ITEM 5.    MARKET FOR COMMON EQUITY, RELATED STOCKHOLDER MATTERS AND PURCHASES OF EQUITY SECURITIES.
 
Market Information
 
Our common stock trades on the OTC:BB under the symbol “CCDC.OB”  The range of high and low  quotations for the common stock by fiscal quarter within the last two fiscal years, as reported by the National Quotation Bureau Incorporated, was as follows:

   
High
 
Low
Year ended May 31, 2009
       
  First quarter
 
$0.26
 
$0.06
  Second quarter
 
$0.30
 
$0.06
  Third quarter
 
$0.15
 
$0.03
  Fourth quarter
 
$0.25
 
$0.03
         
Year ended May 31, 2008
       
  First quarter
 
$1.10
 
$0.48
  Second quarter
 
$0.60
 
$0.22
  Third quarter
 
$0.30
 
$0.08
  Fourth quarter
 
$0.10
 
$0.06
 
The above quotations reflect inter-dealer prices, without retail mark-up, mark-down, or commission and may not necessarily represent actual transactions.
 
Number of Holders
 
As of May 31, 2009, there were approximately 110 record holders of our common stock, not counting shares held in “street name” in brokerage accounts which is unknown. As of May 31, 2009, there were 16,503,128 shares of common stock outstanding on record with the stock transfer agent.
 
Transfer Agent
 
We have appointed Holladay Stock Transfer, Inc. (HST) as the transfer agent for our common stock.  The principal office of HST is located at 2939 North 67th Place, Suite C, Scottsdale, AZ  85251 and its telephone number is (480) 481-3940.
 
Sales of Unregistered Securities

During and subsequent to the periods covered by this report, we issued shares of our common stock without registering those securities under the Securities Act of 1933, as amended.

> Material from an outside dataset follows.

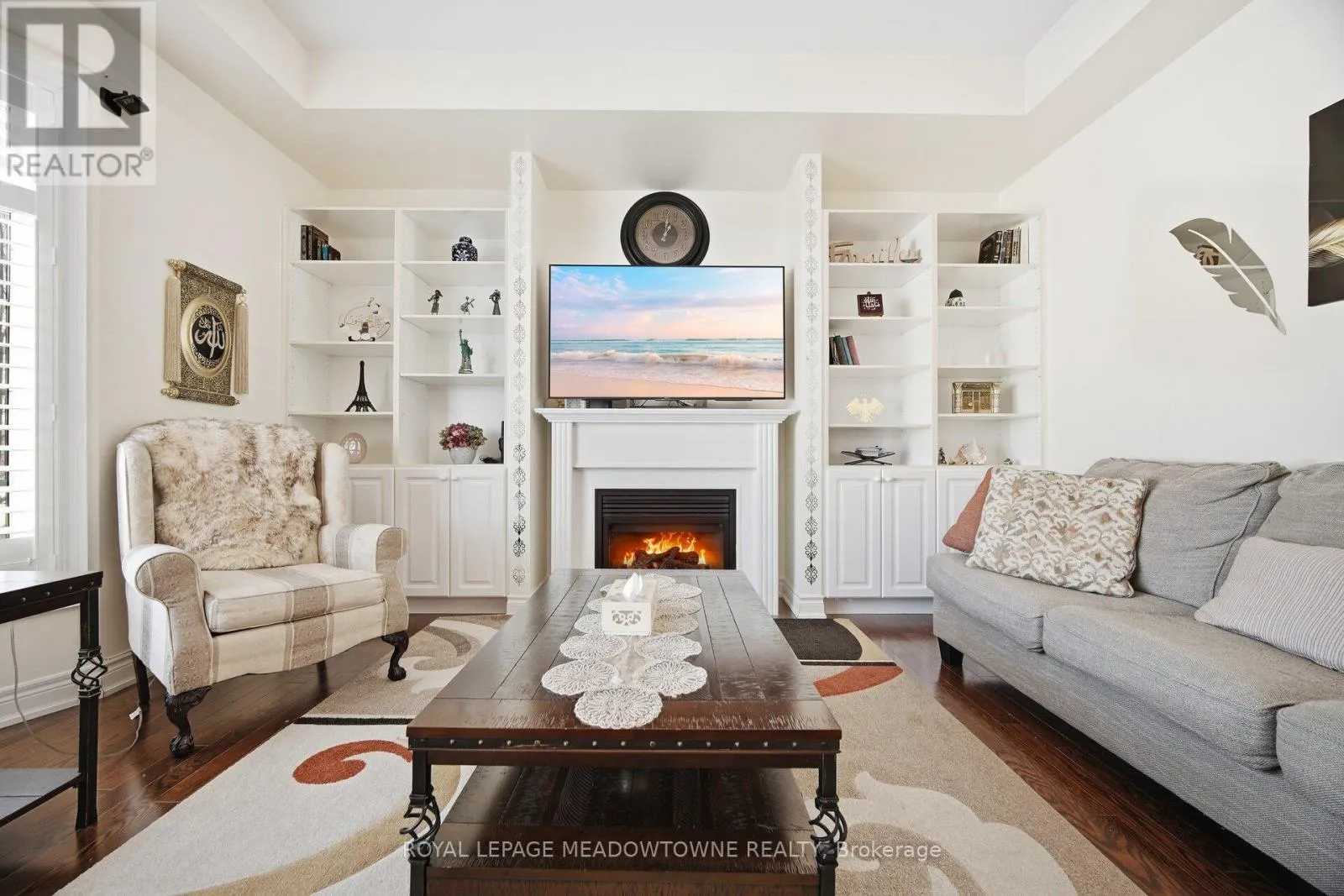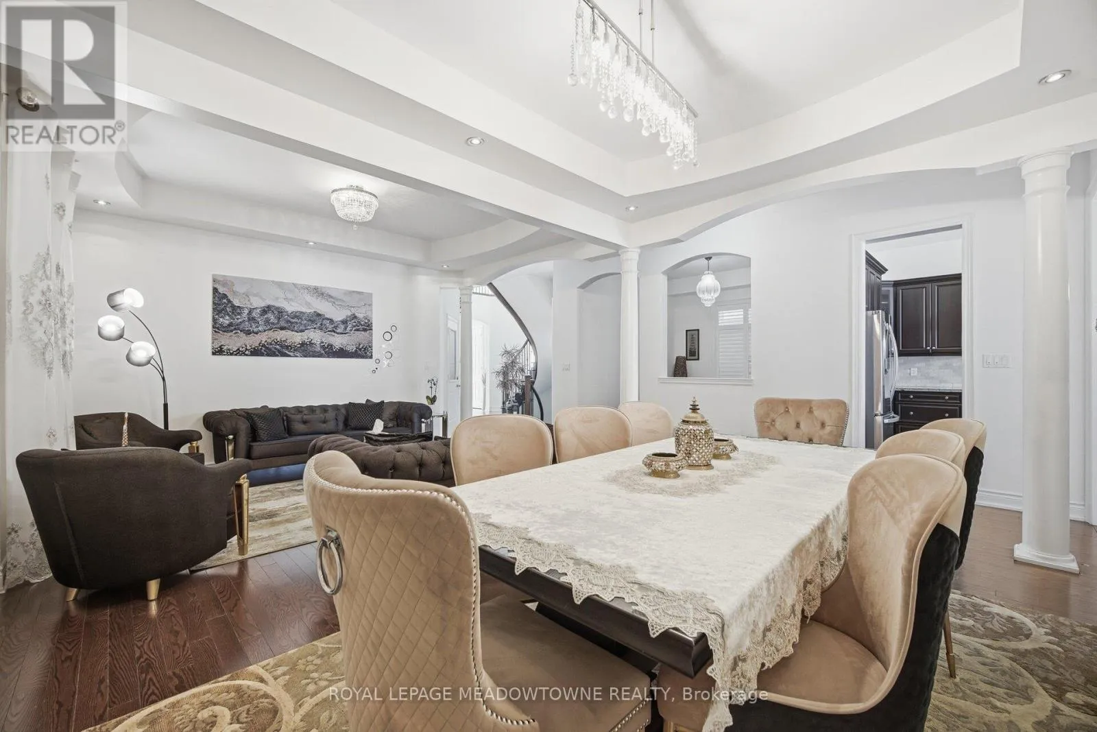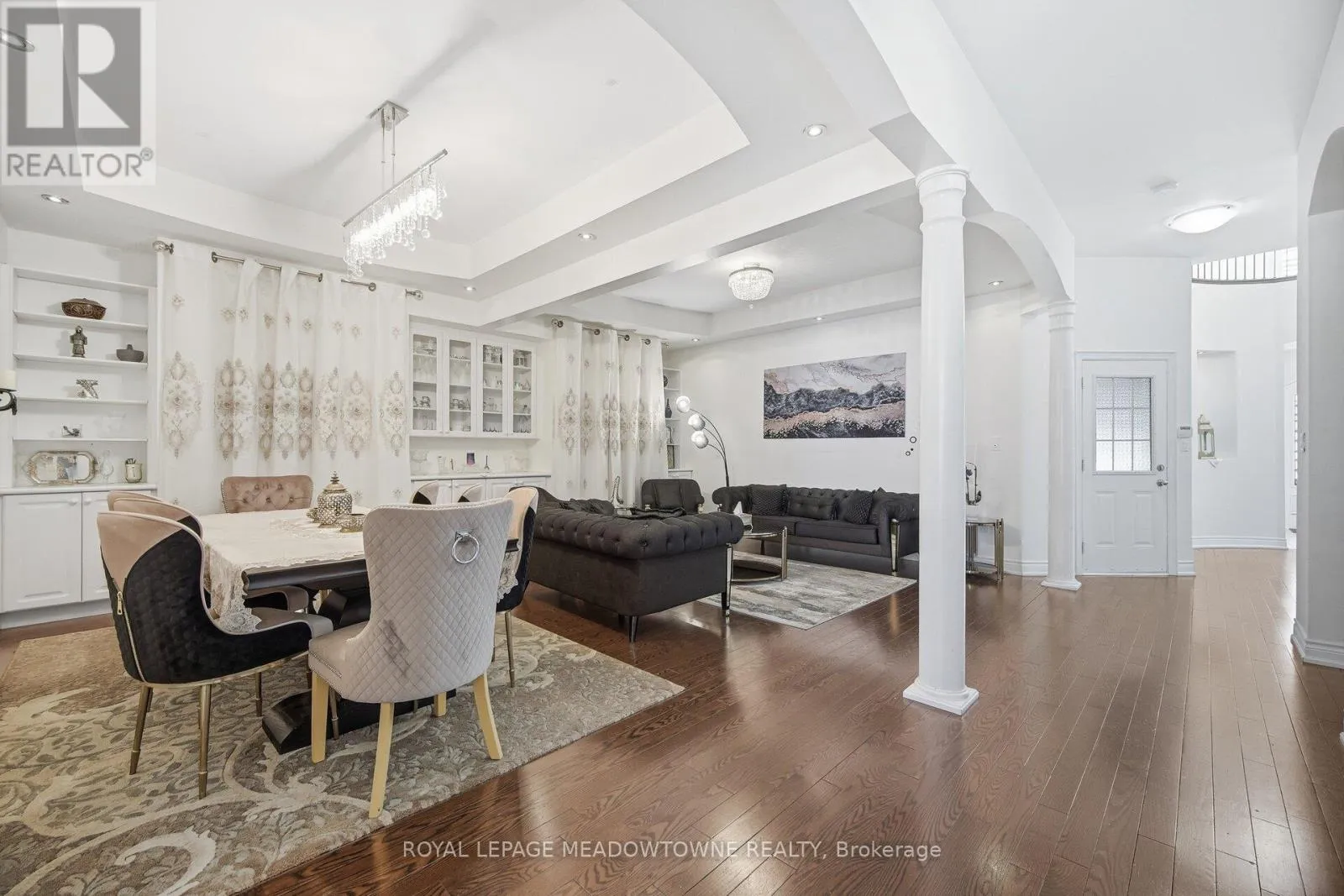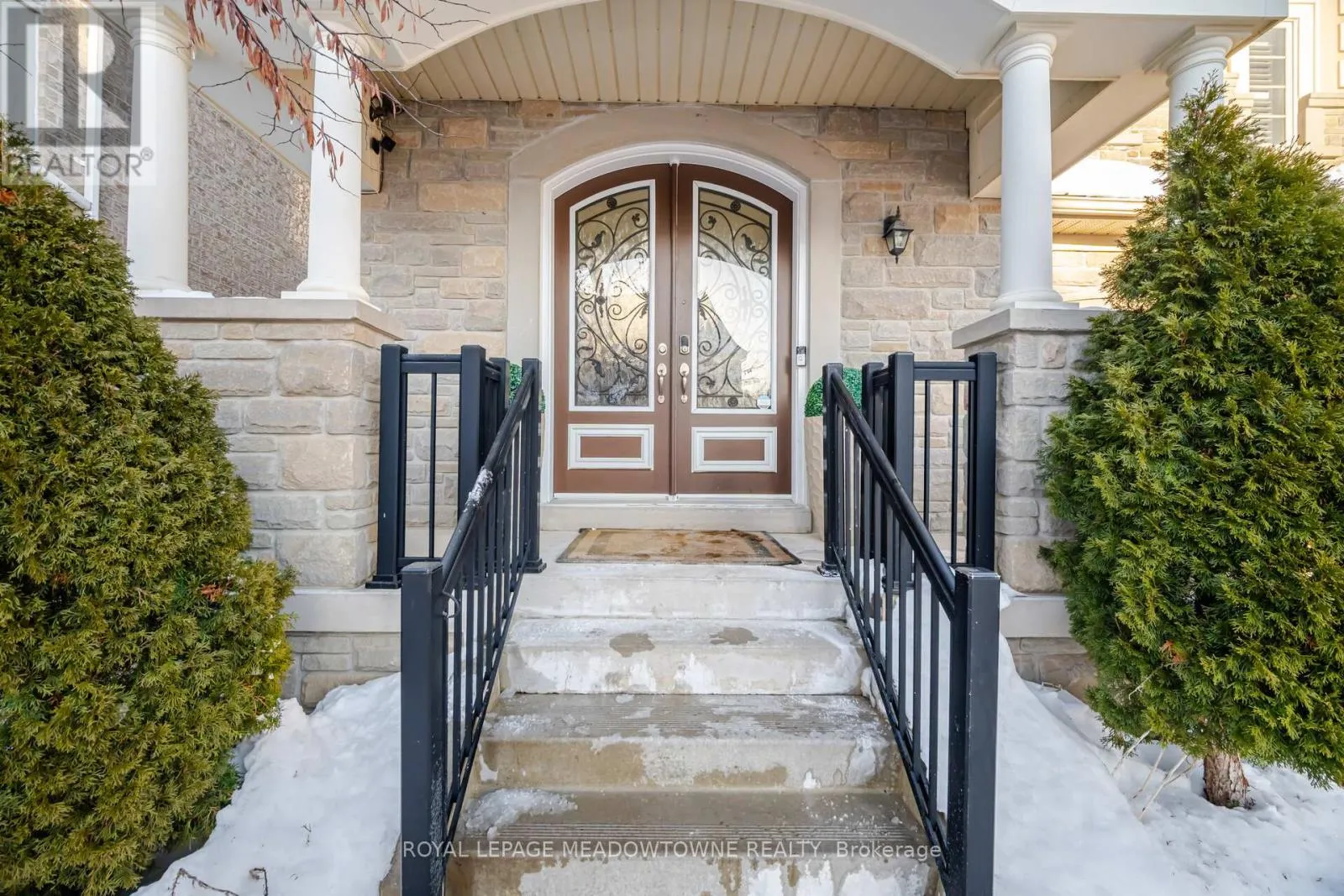 Erin Centre & Winston Churchill Absolutely stunning executive estate home positioned on the most exclusive and finest street in Churchill Meadows, quietly nestled on a prestigious cul-de-sac offering unmatched privacy and distinction. This meticulously maintained residence showcases a rare three-car driveway and two-car garage equipped with an EV charger, soaring ten-foot ceilings on the main level, nine-foot ceilings on the second level, and a professionally finished walk-out basement designed for elevated living. The home features four full bathrooms plus a powder room, smooth ceilings throughout, and convenient upper-level laundry with brand new machines. The chef's kitchen is crafted for luxury entertaining, featuring smart Samsung appliances under warranty, an elegant breakfast area with walk-out to a two-tier deck, and a gas hookup for seamless indoor-outdoor hosting. The grand primary retreat boasts a fireplace, two expansive walk-in closets, and a spa-inspired five-piece ensuite designed for ultimate relaxation. Secondary bedrooms are equally impressive, offering a Jack and Jill five-piece bath and a private ensuite suite complete with walk-in closet and three-piece bathroom. California shutters throughout provide timeless elegance and refined privacy. The lower level unveils a newly built apartment-style living space finished to an exceptional standard, highlighted by a massive home theatre, two executive offices, and direct walk-out access to the landscaped yard - ideal for extended family, guests, or sophisticated entertaining. Furniture available for purchase. A rare opportunity to acquire a grand, impeccably appointed luxury residence on the most coveted street in one of Mississauga's most sought-after communities. (id:27476)

Effective June 30, 2008 we issued 1,829,298 shares of common stock to The Regency Group LLC pursuant to the conversion of outstanding principle and interest aggregating $128,051.

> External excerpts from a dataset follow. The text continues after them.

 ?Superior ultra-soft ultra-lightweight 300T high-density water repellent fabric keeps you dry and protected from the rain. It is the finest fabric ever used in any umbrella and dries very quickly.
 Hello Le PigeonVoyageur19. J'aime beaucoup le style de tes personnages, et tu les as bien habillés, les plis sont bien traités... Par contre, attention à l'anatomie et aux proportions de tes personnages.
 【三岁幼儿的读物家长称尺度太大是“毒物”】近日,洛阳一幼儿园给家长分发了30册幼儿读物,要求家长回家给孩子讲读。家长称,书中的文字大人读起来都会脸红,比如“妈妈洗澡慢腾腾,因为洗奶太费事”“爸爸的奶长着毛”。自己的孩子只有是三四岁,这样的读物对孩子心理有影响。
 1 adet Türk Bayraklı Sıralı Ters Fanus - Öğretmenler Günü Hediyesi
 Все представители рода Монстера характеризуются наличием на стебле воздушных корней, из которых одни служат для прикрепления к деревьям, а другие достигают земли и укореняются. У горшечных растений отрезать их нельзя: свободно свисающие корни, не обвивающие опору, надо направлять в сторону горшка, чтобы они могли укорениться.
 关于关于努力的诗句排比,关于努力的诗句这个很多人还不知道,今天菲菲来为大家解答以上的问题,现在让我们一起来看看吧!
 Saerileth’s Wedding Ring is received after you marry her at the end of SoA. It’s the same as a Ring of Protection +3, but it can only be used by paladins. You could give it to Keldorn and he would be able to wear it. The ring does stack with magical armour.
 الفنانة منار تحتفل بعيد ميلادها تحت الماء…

On October 31, 2008, we issued 25,000 shares of our common stock to an investor relations firm pursuant to an agreement dated July 25, 2008.  The shares were valued at $5,500.

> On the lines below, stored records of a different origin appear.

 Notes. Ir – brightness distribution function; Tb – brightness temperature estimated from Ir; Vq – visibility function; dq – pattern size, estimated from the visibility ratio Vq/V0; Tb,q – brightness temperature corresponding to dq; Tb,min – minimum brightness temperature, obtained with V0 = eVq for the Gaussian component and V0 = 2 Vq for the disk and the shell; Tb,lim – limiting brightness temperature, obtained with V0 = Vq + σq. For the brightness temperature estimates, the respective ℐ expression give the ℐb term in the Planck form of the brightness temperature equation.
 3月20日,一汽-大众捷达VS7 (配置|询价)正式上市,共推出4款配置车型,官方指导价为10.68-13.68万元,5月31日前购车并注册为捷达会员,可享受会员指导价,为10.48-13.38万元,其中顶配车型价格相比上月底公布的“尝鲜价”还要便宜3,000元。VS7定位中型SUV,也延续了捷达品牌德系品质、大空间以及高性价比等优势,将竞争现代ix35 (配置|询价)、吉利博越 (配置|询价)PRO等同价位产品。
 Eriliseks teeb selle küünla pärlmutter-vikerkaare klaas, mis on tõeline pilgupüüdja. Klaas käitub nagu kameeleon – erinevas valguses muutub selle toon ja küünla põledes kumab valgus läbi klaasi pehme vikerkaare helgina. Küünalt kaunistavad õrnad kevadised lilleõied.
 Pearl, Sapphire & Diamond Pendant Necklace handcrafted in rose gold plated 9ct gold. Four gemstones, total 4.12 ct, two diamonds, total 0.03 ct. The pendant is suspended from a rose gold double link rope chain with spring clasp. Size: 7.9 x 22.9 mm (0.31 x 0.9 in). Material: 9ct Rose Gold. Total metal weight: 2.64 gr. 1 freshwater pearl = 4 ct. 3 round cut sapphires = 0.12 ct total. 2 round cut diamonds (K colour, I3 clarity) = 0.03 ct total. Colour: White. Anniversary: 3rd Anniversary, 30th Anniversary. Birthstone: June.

In several transactions with private investors during the year ended May 31, 2009, we sold 11,650,000 shares of common stock for cash proceeds of $193,000.

Subsequent to the period covered by this report, on July 31, 2009, we issued 80,000,000 shares of common stock to Cumbria Capital, L. P. in exchange for all the outstanding shares of Tremont Fair Holdings, Inc.

Subsequent to the period covered by this report, on August 19, 2009, we issued 500,000 shares of common stock to David Kittrell, the Company’s former President, as part of a settlement with Mr. Kittrell of outstanding obligations of the Company to him.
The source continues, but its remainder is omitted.